Piero the Gouty, who was never popular, survived his father five years, and died at the age of fifty-three, his ill-health preventing him from taking an active part in public affairs. As his brothers Carlo and Giovanni had predeceased him, the only brilliant representative of the race of the Medici was his son, Lorenzo, who gave early promise of his distinguished abilities. At Cosimo's death Piero on the advice of Diotisalvi Neroni, a trusted friend and councillor of his father, took a step which made him very unpopular. He had a list of his debtors made out, and sought to recover the sums standing against their names, but as Cosimo had never claimed these moneys, which in many cases had been advanced without any intention of having them repaid, his right was called in question and his popularity gone. For all that he was a thorough Medici and in many respects a very interesting character. Following the example of Cosimo, he retained the services of Marcilio Ficino, and published at his own expense the five volumes of Plato which the latter had translated into Latin. It should be borne in mind, too, that he founded a chair, in which Marcilio gave lectures on the great Greek philosopher to large and enthusiastic audiences. There was quite a fever for study, and it is difficult for us, absorbed as we are in the Common-places of politics and in the dreary round which dampens all onerous ideas and extinguishes all noble aspirations, to conceive the enthusiasm which took possession of the people of Florence. Marcilio Ficino suspended before the bust of Plato, as above the altar of a church, a lighted lamp, Francesco Sacchetti tells us that on one occasion an admirer of Dante took the tapers which were burning upon the altar of the crucifix, and placed them before the poet's bust, saying, " Accept them, for you are more worthy of them than He." The whole city was a prey to delirium, but delirium of a most generous kind.

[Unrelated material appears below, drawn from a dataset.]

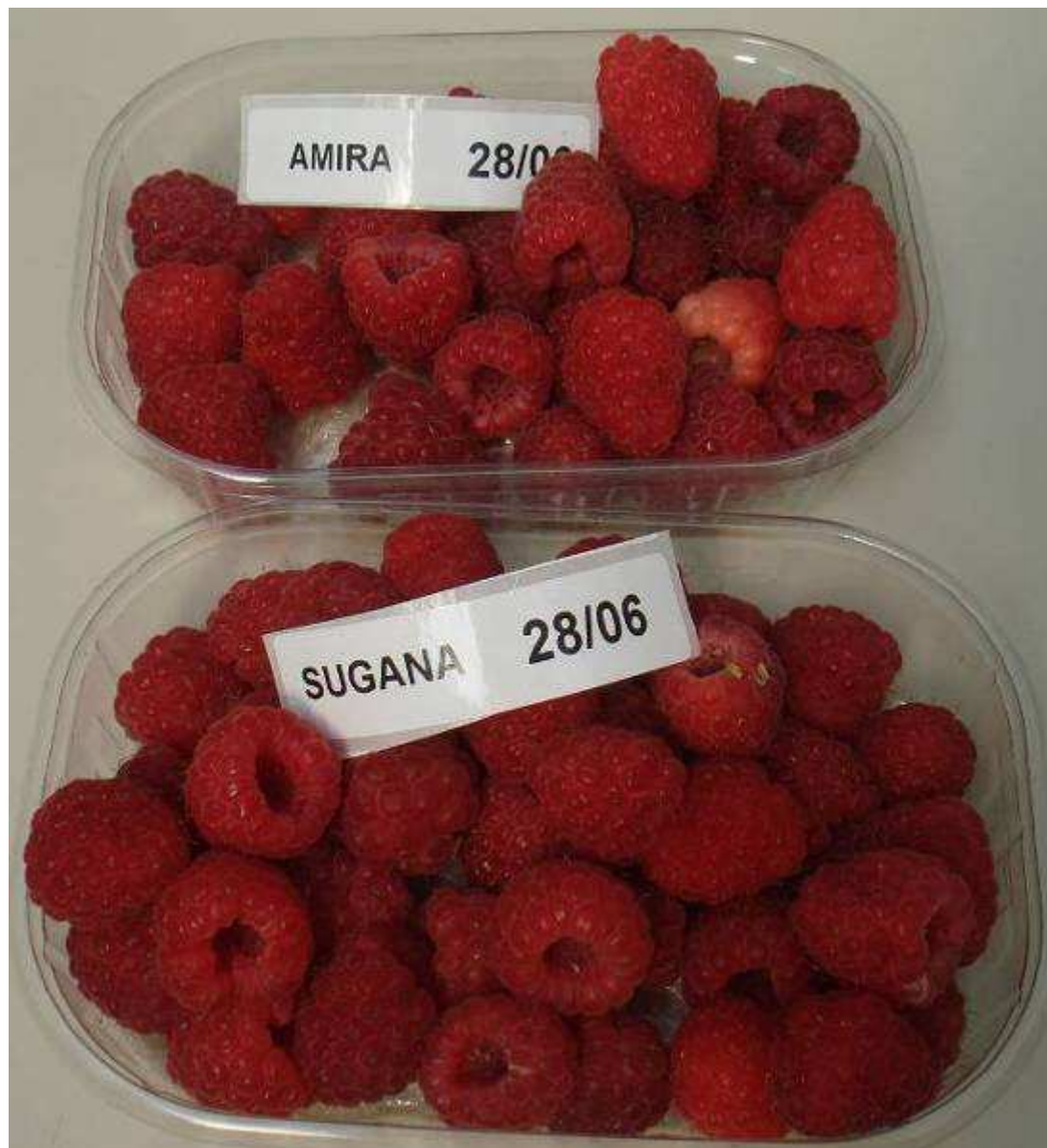
Amira ® cosechada el 28 de Junio en Verona v/s Sugana ®

Boccaccio was the earliest reader of the Iliad and the Odyssey in the original, and he translated them into Latin with the assistance of a Greek residing in Calabria. Petrarch, who did not know Greek, but who had read the Latin translation, preserved the originals as a relic. The movement in favor of Hellenism was started by the, Greeks who came to the Council of Florence, and Piero's son vulgarized the poets and historians of antiquity by forming the famous library of manuscripts which in course of time became the"Laurentiana."

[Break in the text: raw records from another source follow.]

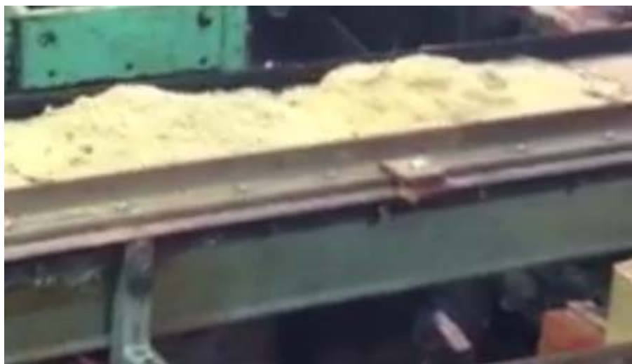
Рисунок 5 - Материал на вибротранспортёре сушильной установке волнообразной конфигурации, высота и ширина слоя по длине вибротранспортера значительно отличается, иногда принимая нулевые значения.
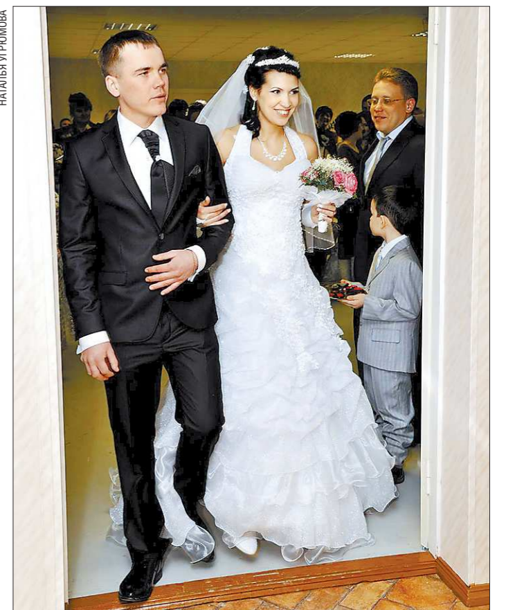
В первый же день в новом ЗАГСе зарегистрировались четыре молодые пары

Торжественное открытие ЗАГСа в новом помещении по адресу Трубиных, 44в состоялось в Первоуральске, сообщает газета «Вечерний Первоуральск». Де-факто работники отдела уже в течение месяца, с момента переезда в просторные апартаменты, где прежде располагалось городское управление здравоохранения, проводили все процедуры, связанные с записями актов гражданского состояния. Де-юре переезд отметили в праздничной обстановке, с разрезанием символической красной ленточки. Отметим, что новое помещение ЗАГСа в два с лишним раза больше, чем прежде.
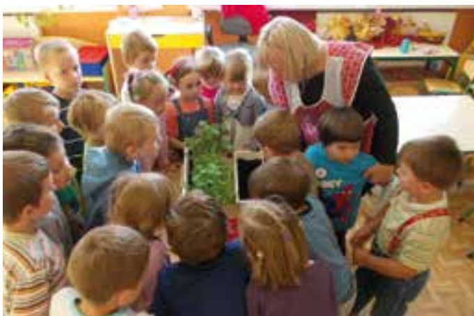
Przedszkole Dziergowice - Zdrowo jemy, zdrowo żyjemy.

During the reign of Cosimo the Elder, Niccolo Niccoli spent all his fortune in purchasing manuscripts, and Cosimo, remarking how well versed he was in antiquities, took him into his employ, and opened a credit to enable him to buy whatever seemed to him worth having. It was he who discovered the remaining works of Ammianus -Marcellinus, Cicero's "de Oratore," and the Lubecca Pliny. He had converted his house into a public library, and any one was allowed to go in and read, copy, or translate, while those who wanted advice on any point connected with their studies received all the assistance in his power. At his death he left eight hundred manuscripts, valued at eight thousand gold florins, which Cosimo, with his usual liberality, purchased and presented to the monastery of San Marco, which occupies so prominent a place in the history of Florence. By his wife Lucrezia Tornabuoni, Piero had two sons, Lorenzo and Giuliano, and by his own express desire he was buried without pomp in the Sagrestia Vecchia of San Lorenzo. His sons Lorenzo surnamed the Magnificent, and Giuliano, built him a superb tomb near the entrance to the Lady Chapel. Andrea Verocchio, the sculptor of the equestrian statue of Colleoni and the " Child and the Dolphin," was employed on its execution. It consists of a porphyry sarcophagus resting upon a marble slab supported by bronze tortoises, and decorated with foliage of the most exquisite workmanship.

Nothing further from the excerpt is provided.